Article ID Journal Published Year Pages File Type
6815173 Psychiatry Research 2014 5 Pages PDF
Abstract
The Hypomanic Personality Scale (HPS) was designed to measure a predispositional personality style to bipolar disorder. Its properties have largely been assessed in non-clinical samples. We undertook a number of analyses to determine if it is likely to be a measure of actual personality style or is confounded by items capturing hypomanic/manic mood symptoms. A total of 112 bipolar and 164 unipolar patients completed the measure. Several principal components analyses were undertaken and associations were examined between HPS items and scores on a measure designed to identify bipolar disorder - the Mood Swings Questionnaire (MSQ).

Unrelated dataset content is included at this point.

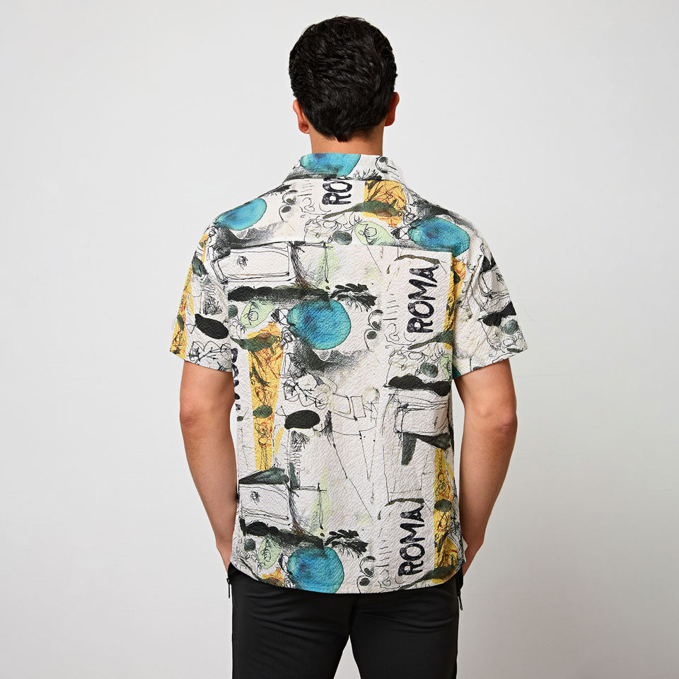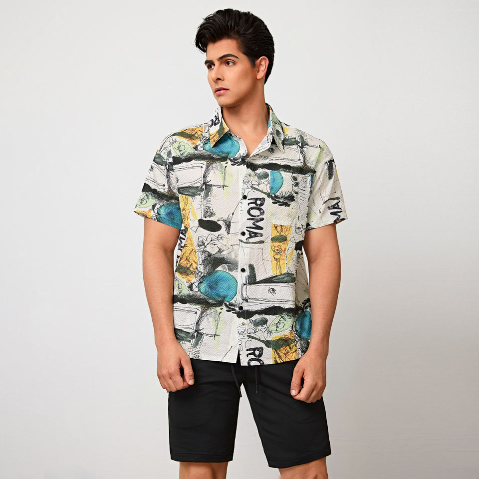 Men's Summer Casual Short Sleeve Shirt with Pleated Texture Print and Buttons Knitted Garment Dyed Featuring a Pocket

Principal components analyses generated a similar set of four factors in both the unipolar and bipolar sample sub-sets and congruent with previous analyses undertaken in non-clinical samples, suggesting identification of normative dimensions that underpin hypomanic and manic mood states. A number of HPS items correlated highly with the MSQ. Results suggest that HPS is unlikely to simply be a measure of personality style and appears strongly confounded by hypomanic/manic mood symptoms. The measure may therefore - in its current form - be inappropriate for at-risk research seeking to determine the capacity of personality style to predict onset of a bipolar disorder.